Quando erano già nella sua casa, il comando golpista ha inviato il maggiore Oceguera per arrestarla. Loro si sono messi davanti alla donna e hanno detto che era sotto la protezione diplomatica, e che solo si poteva muovere in compagnia degli ambasciatori. Oceguera discute con loro e lo fa rispettosamente. Poco dopo entrano nella casa 12 o 15 uomini in divisa ed incappucciati. I tre ambasciatori si abbracciano a Patricia; gli incappucciati agiscono in modo brutale e riescono a separare gli ambasciatori del Venezuela e Nicaragua; Hernández l’ha presso tanto fortemente per uno delle braccia che i mascherati hanno trascinato loro fino a un furgoncino; gli portano alla base aerea, dove riescono a separarli, e gliela portano via. Stando lì detenuto, Bruno, che aveva notizie del sequestro, si comunica con lui attraverso il telefonino; un mascherato tratta di strappargli rudemente il telefonino; l’ambasciatore cubano che era stato già battuto a casa di Patricia, gli grida: Non mi spingere, coglione! Non ricordo se la parola che ha pronunciato sia stata utilizzata qualche volta da Cervantes, ma senza dubbio l’ambasciatore Juan Carlos Hernández ha arricchito la nostra lingua.

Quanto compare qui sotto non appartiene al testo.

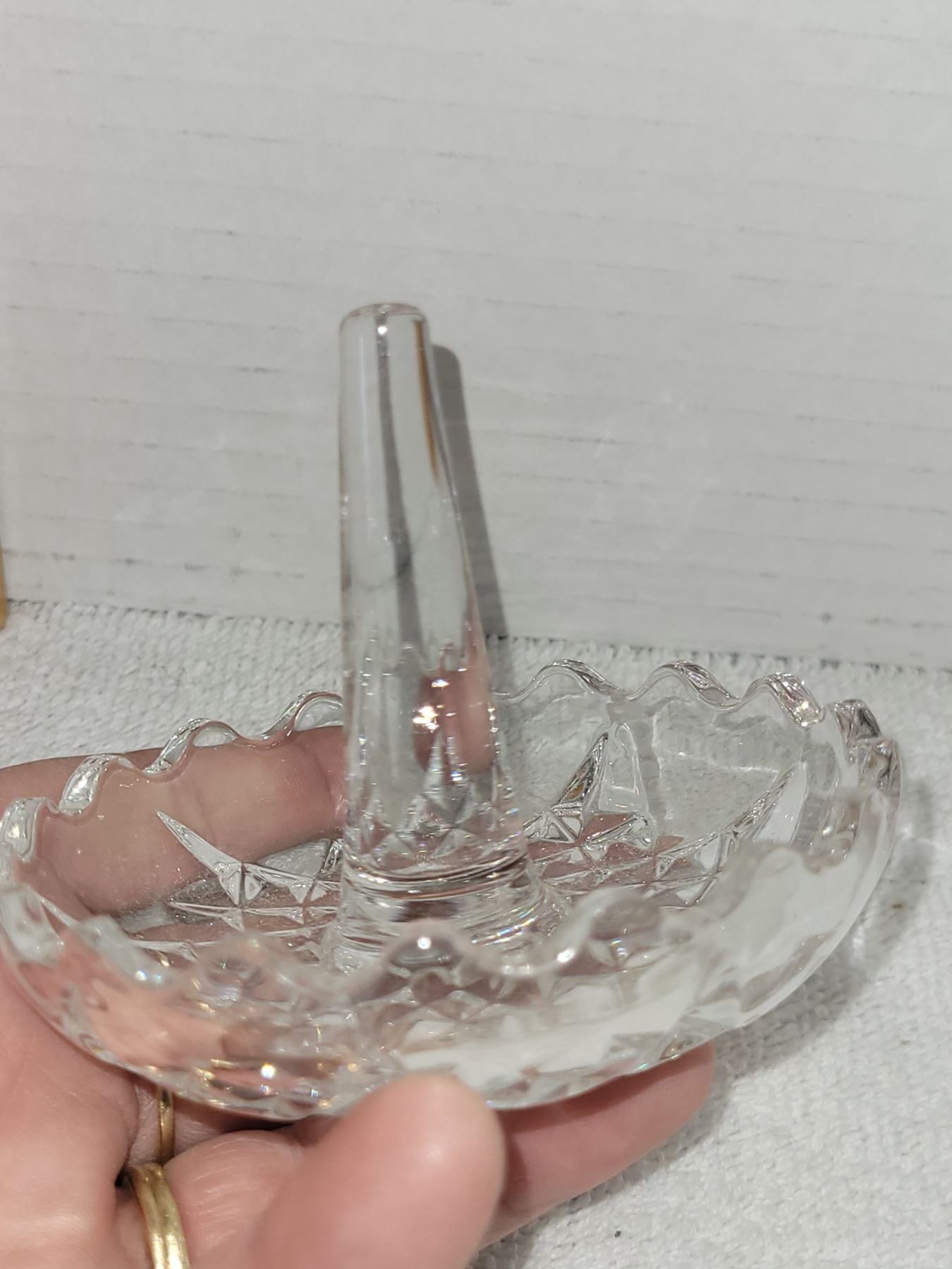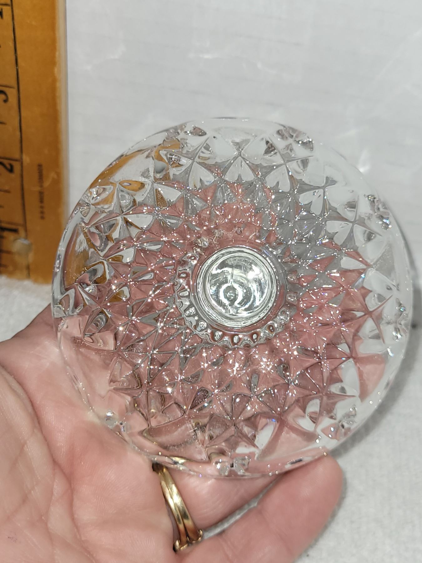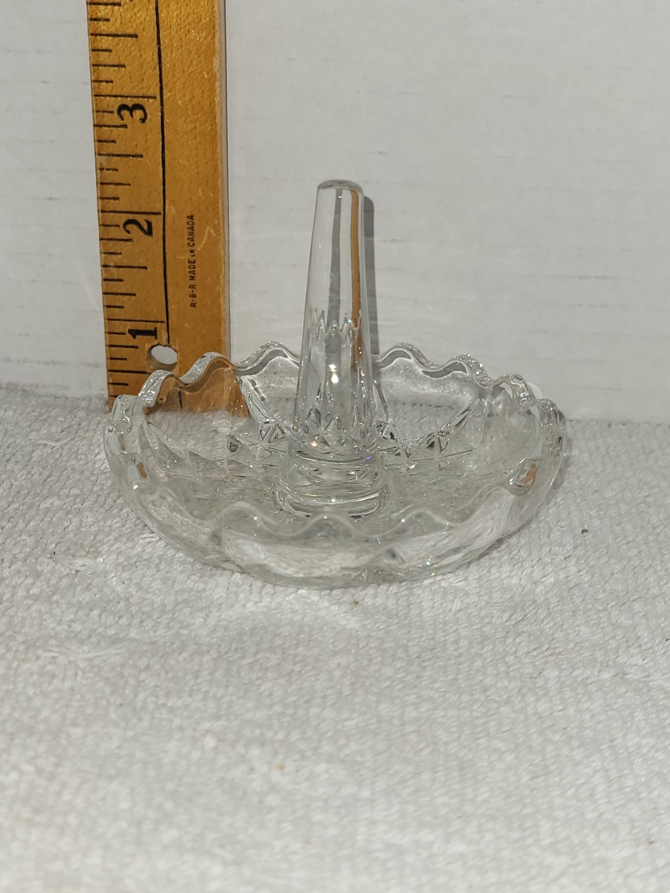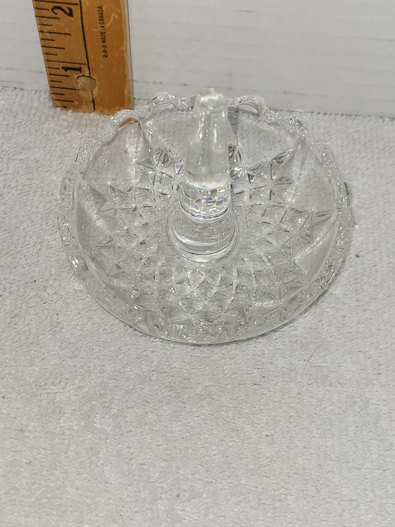 STEMMED CRYSTAL RING HOLDER. MEASURES 3.5" X 3.5"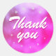 Pink Metallic Foil Star Girly Thank you Sticker. The design has stars on a pink, purple metallic background.

Poi l’hanno lasciato in una strada lontano dalla missione e prima di abbandonarlo gli hanno detto che, se parlava, poteva succedergli qualcosa di peggio. "Niente è peggiore della morte!", gli ha risposto con dignità, "e non per quello ho paura di voi. I vicini della zona l’hanno aiutato a ritornare all’ambasciata, da dove si è comunicato subito, un’altra volta, con Bruno.
Con quell’alto comando golpista non si può negoziare, bisogna esigergli la rinuncia e che altri ufficiali più giovani e non compromessi con l’oligarchia occupino il comando militare, o non ci sarà mai un governo "con popolo, dal popolo e per il popolo" in Honduras.
I golpisti, messi alle strette e isolati, non hanno salvazione possibile se si confronta con fermezza il problema.
Perfino la signora Clinton ha già dichiarato nel pomeriggio che Zelaya è l’unico Presidente dell’Honduras, e i golpisti honduregni non possono neanche respirare senza l’appoggio degli Stati Uniti.
In camicia da notte fino ad alcune ore fa, Zelaya sarà riconosciuto dal mondo come l’unico Presidente Costituzionale del Honduras.